I am very happy to announce that I have now managed to get speech-dispatcher
to work on Vinux without losing the multi-channel sound capabilities. The
final peice of the jigsaw puzzle fell into place when I was experimenting
with Debian Lenny and managed to get speech-dispatcher working properly. I
realised that I hadn't been doing anything wrong at all but I hadn't really
understood the difference between speech-dispatcher running in user mode and
as a system service. What caused this was an error which seems to have crept
into spd-conf and my failure to understand the difference bwteen the two
modes. For some reason the spd-conf supplied in the Ubuntu 8.10 repositories
set the syntheziser port to 6561 for user mode and 6560 for running as a
service, and it should be the other way around. Because I didn't understand
the difference between the two modes I had been setting up speech-dispatcher
in user mode but then using init.d to start it as a service instead of using
the speech-dispatcher -d command. Given these two school boy errors I was
never going to get it to work! So for anyone who wants to try this at home
here is a step by step guide to getting speech-dispatcher working on Ubuntu
8.10 with multi-channel sound support.

1. Run 'sudo apt-get install speech-dispatcher python-speechd' in a terminal

2. Once installed run 'spd-conf' in the same terminal.
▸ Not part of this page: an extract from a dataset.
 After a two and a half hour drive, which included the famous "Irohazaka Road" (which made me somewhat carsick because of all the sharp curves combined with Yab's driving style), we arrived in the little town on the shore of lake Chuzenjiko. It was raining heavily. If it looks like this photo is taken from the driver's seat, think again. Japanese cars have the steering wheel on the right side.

3. Accept all of the default options except type 'pulse' for the sound server
and '6560' for the synthesizer port.

4. Speech-dispatcher should then speak if everything is going to plan!

5. Use the 'speech-dispatcher -d' command to start up speech-dispatcher as a
daemon'

6. Open the Orca preferences window and select speech-dispatcher as the
speech synthesizer and click apply.

7. Orca should now be a lot more snappy and responsive.

8. Finally open the Session Manager from the preferences menu, create a new
entry called speech-dispatcher and type 'speech-dispatcher -d' as the
command, then reboot and enjoy you new snappier speech!

9. If you want to use espeak with YASR, you can then edit the
/etc/yasr/yasr.conf file by commenting out the default Eflite synthesizer and
uncomment the speech-dispatcher  and corresponding synthesizer port entries.